第6話-c 独白

 暗い暗い闇の中からゆっくりと浮かび上がるような感覚があった。

 目覚めるとそこは自分のベッドだった。身動みじろぎをした瞬間に全身に痛みが走った。思わず呻き声が零れた。

 ふと横を見ると、クリシュナが椅子に腰かけて眠っている。

 なんとか町まで歩いて帰ってくることができたのは覚えている。夜中に突然傷だらけで帰ってきた僕を見つけたクリシュナが、とても驚いた顔で何かを言っているのが分かった。

 その後のことは思い出せない。

 起き上がろうとして、上半身に力を込めると、背中が激しく痛みベッドに倒れ込む。首と右手だけでゆっくりと自分の体を確認する。あちこちに包帯が巻かれていた。自分の状態をみて、よくもまぁ生きて帰ってこれたものだと自分で自分を褒めたくなった。それくらいひどい状態だった。

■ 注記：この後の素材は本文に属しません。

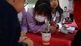 “小朋友们知道为什么眼睛会近视吗?”“哇塞,我看到了这个细菌结构!”“耶,我们比赛赢了!”“孩子,你真棒!”“这个火箭也太酷了吧!”随着活动的进展,孩子们沉浸在科学的魅力之中,此起彼伏的惊叹声传遍了整个大厅。
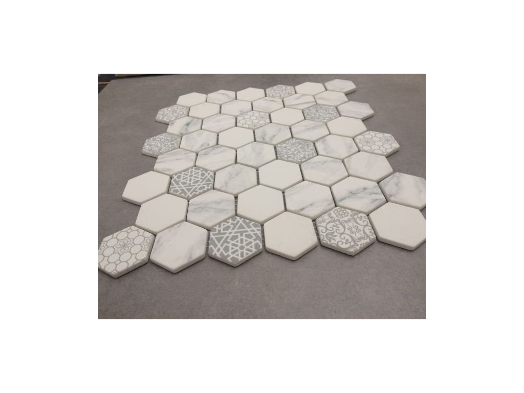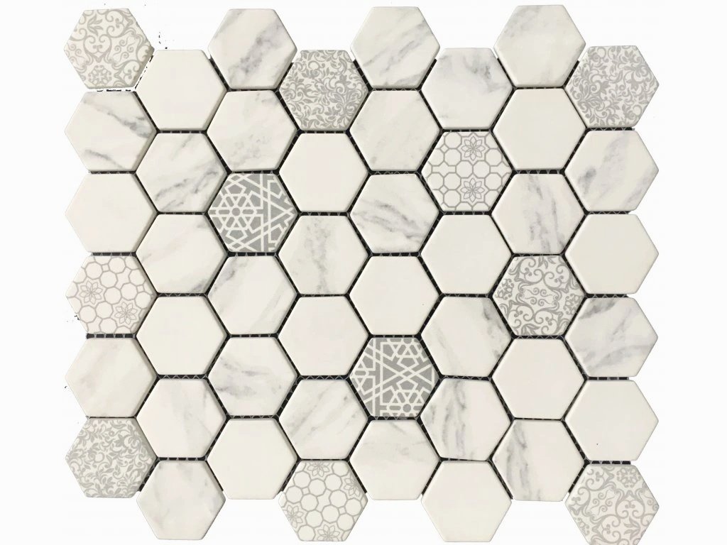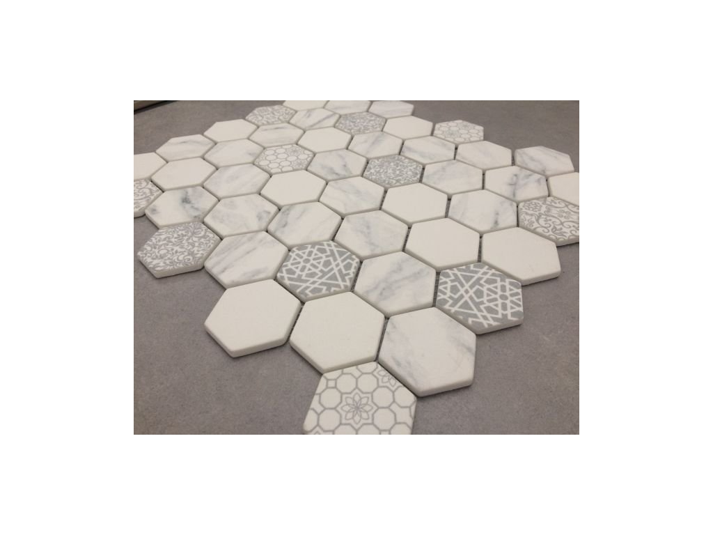 Mozaika matná z recyklovaného skla ve tvaru hexagonu, bílá, imitace mramoru a patchworku.
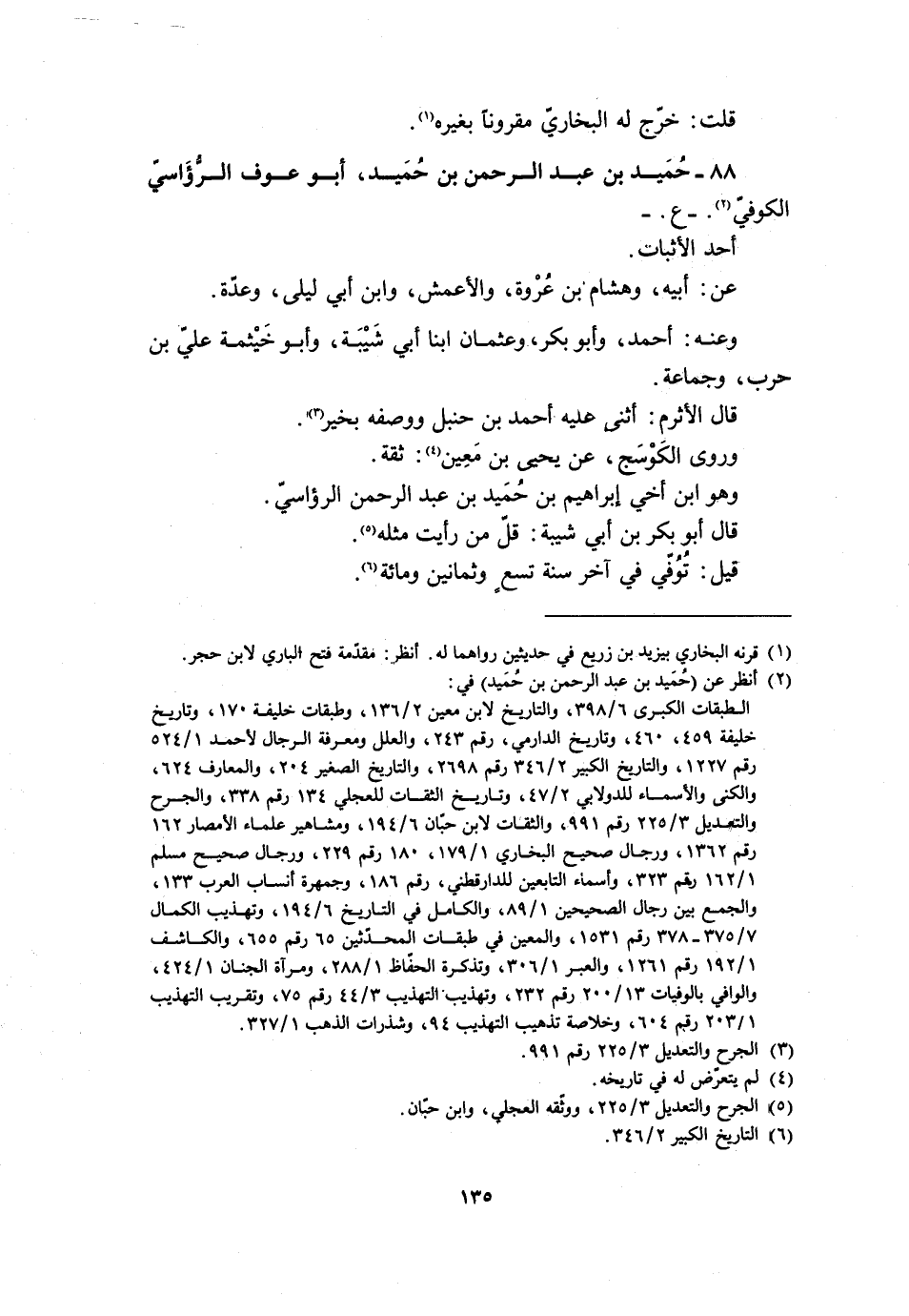 88- حُمَيْدُ بن عبد الرحمن بن حميد، أبو عَوْفٍ الرُّؤَاسِيُّ الْكُوفِيُّ [2] . - ع. - أَحَدُ الأَثْبَاتِ.
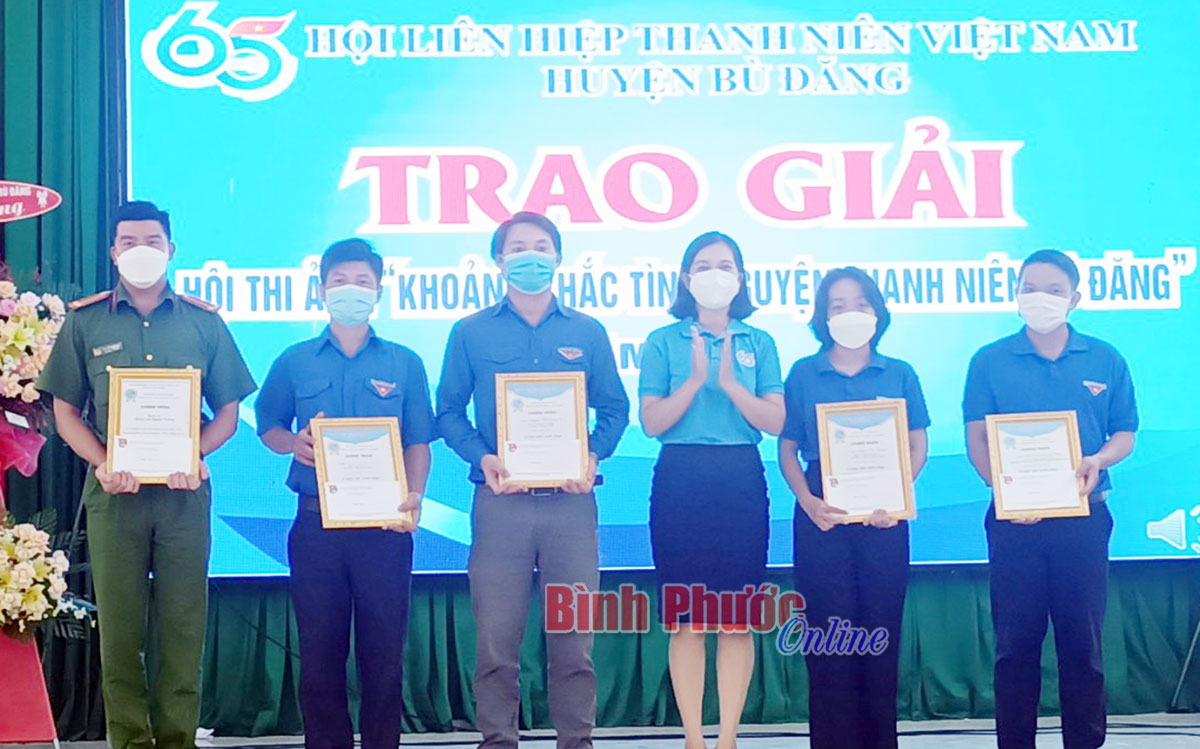 Chị Đào Thị Quế, Bí thư Huyện đoàn, Chủ tịch Hội Liên hiệp Thanh niên huyện Bù Đăng (thứ 3, từ phải qua) trao giải cho các cá nhân đạt giải trong hội thi “Khoảng khắc tình nguyện thanh niên Bù Đăng” năm 2021

 椅子に腰掛けて眠るクリシュナが頑張ってくれたのだとわかる。

 感謝と申し訳なさで胸がいっぱいになった。

 本当に、よく生きていた。死んでもおかしくないケガだったし、死んでしまうかもしれないと覚悟はしていた。それでもやはり、こうして安全な場所で冷静になると、恐怖で全身が震えた。

 恐れを振り払うように頭を振ると、きつく目を閉じた。

 知らぬ間に僕は眠りに落ちた。

 


 次に目覚めたとき、クリシュナはすっかり起き出していた。

 僕が目を覚ましたことを目ざとく見つけると、状態を細かく検分するように覗き込んできた。

 僕は声をかけようと口を開いたが、掠れた音とともに空気が吐き出された。クリシュナはすぐに手で僕を制すと、何も言うなと言うように首を振った。

「無理をするな。ひどい怪我だった。しばらくは動かないで寝ていた方がいい。」

 僕は言われたままに頷く。

「昨日の昼にアナンヤとその子供たちが血相を変えて町へ駆け込んできた。マガンに襲われたのだと言う。鋭い爪と牙を持っている。なんと言えば伝わるのか、とにかく巨大な生き物の名だ。普通の人間が森で遭遇して助かるような相手ではないのだ。だが三人が三人とも怪我もなく帰ってこれた。奇跡的なことだ。アナンヤは神のおかげだと言っていたが、私はそうは考えていない。」

 そう言って言葉を切ると自分をじっと見つめる。真実を探るように。

「お前がやってくれたのだろう?倒せたのか?」

 そう言って言葉を待つクリシュナに一つ頷いてみせると、顔を伏せてほっと息をついて、小さく無茶をする、と呟く声が聞こえた。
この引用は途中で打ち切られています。